– Замолчи, презренный трус! – не сдержавшись, заорал Роман.
Отстранив девушку, он выхватил плеть и с яростью полоснул ею Авраамку по лицу.
Молодой грек, закрывая ладонью окровавленную щёку, бросился прочь, стеная от невыносимой боли и обиды. Надо же, советовал, хотел как лучше, был верен Роману во всём, старался исполнять все его прихоти, и вот: получил награду!
Не разбирая дороги, бежал Авраамка, приподняв полы долгой грубой свиты, прямо через поле, спотыкаясь о кочки, раня руки об острые стебли травы.
Наконец, устав, он сел, прислонился спиной к каменному истукану на кургане и горько разрыдался.
Тем временем Роман, багровый от гнева, мчался на коне через Сулу. Сельга спешила за ним, крича вослед:
– Не нада! Не езди! Стой! Тебя убьют!
Конь вынес всадника в половецкий стан. Спрыгнув наземь возле ханского шатра, Роман оттолкнул стражника и отдёрнул войлочную занавесь.
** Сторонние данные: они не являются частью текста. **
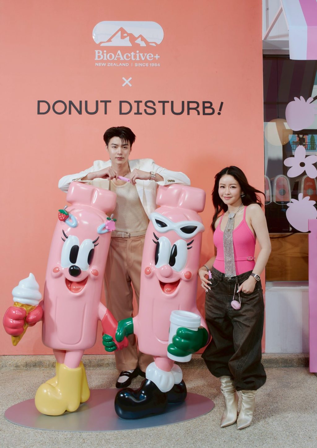 โดยครั้งนี้ คุณเมย์ – ดร. วาสนา อินทะแสง – Founder of BioActive Thailand ได้แปลงโฉมคาเฟ่ Donut Disturb ให้กลายเป็นโลกสีชมพูสุดสดใส ไปกับคาแรกเตอร์ตัวละครใหม่ “น้อง Double Gluta & Donut พร้อมผองเพื่อน” ที่ออกแบบขึ้นโดยศิลปินสุดแนว FARTBOIL – คุณ ศิวกร พิมพ์สกุลา นนท์ ด้วยคอนเซ็ป Double Delicious พร้อมเปิดตัวเมนูคอลแลปพิเศษ ที่ผสมผสาน ความอร่อยของโดนัท และ ความออร่าจาก Gluta Drink อย่างลงตัว โดยมี คุณ ณรงค์ฤทธิ์ ศรีตลานนท์ และ เฉลิมพล อัครภิญโญกุล – Founder of Donut Disturb ได้รังสรรค์ เมนูโดนัท และเครื่องดื่มที่ได้แรงบัลดาลใจมาจาก “Gluta Drop Drink” เพิ่มความอร่อย และได้ผิวออร่า เมนูโดนัท Hokkaido Milk & BioActive, Strawberry Cream, และ Lychee Jam และเสริมด้วยเครื่องดื่มสำหรับผู้ชื่นชอบมัชชะ Clear Matcha & BioActive Jelly และ Strawberry Matcha Latte เรียกว่าแคมเปญนี้ คือการส่งต่อพลังความออร่า และสุขภาพดีจากภายในสู่ภายนอกอย่างแท้จริง ภายในงานวันเปิดแคมเปญวันแรก ยังมี สองนักแสดง แม็กกี้ – รชต พิเชฐโชติ ,เซฟ ไซสวัสดิ์ ,ศิลปิน วง CIR*CRL อย่าง แซม พฤติชัย รวยฟูพันธ์ และ เบ็น ภัทรกิจ ตั้งมงคลกิจการ และสาวสวย ยี่หวา – ปรียากานต์ ใจกันทะ และ เบนซ์ – ข้าวขวัญ มาร่วมเช็คอินความคิวท์ภายในงานอีกด้วย

– Садись, каназ, – доброжелательно улыбаясь, сказал Осулук. – Давно жду тебя.
– Ты сидишь здесь, а киевские рати выстроились уже на том брегу! Пора идти в бой, хан! Ведь ты клялся помочь мне! – крикнул в ярости Роман.
Он отказался сесть и стоял перед ханом, красивый, гордый, широкоплечий, охваченный безудержным гневом.
Осулук спокойно отхлебнул из золотой чаши кумыс.
– Ты нехорошо поступил, каназ. Ты обманул меня. Зачем ты проводишь ночи с Сельгой? Ты не платил за неё калым, не говорил с её отцом. Она – не твоя!
– Не о Сельге пришёл говорить! Потом, после с ней разберёмся!
– Мы взяли с каназом Всеволодом мир. Много золота дал каназ.
– Что?! Как смел ты, хан?! – вне себя от злобы, заорал Роман.
Он вырвал из отделанных серебром ножен харалужный меч, замахнулся на Осулука, но в тот же миг один из ханских телохранителей, застывших у входа, кривой саблей рассёк ему голову. Обливаясь кровью, Роман упал на хорезмийский дорогой ковёр.
– Уберите отсюда эту собаку! – приказал своим слугам Осулук. – Выбросьте его в поле, пусть голодные волки и птицы жрут его!
Он презрительно усмехнулся, глядя на красивое мёртвое лицо Романа, по которому густо сочилась кровь.
– Горячий был батыр! – вздохнул кто-то из телохранителей.
За занавесью закричала, забилась в рыданиях обезумевшая от горя Сельга.
Глава 19. Сардониксовый орёл
Выложенный из красного кирпича большой дом со стрельчатыми окнами и круглыми башенками, устремлёнными в голубой небесный простор, окружала высокая каменная ограда. Отделанные мрамором провозные ворота украшал затейливый меандр[115], слева и справа от них тянулась кружевная чугунная решётка, к крутому крыльцу вела дорожка из гранитных плит.
Авраамка несмело потоптался под окном и вопросительно оглянулся на усатого стража.
– Княгиня тут?
– Тут, тут. Сей же часец доложат о тебе. Сожидай, – буркнул страж. – И чё от её нать?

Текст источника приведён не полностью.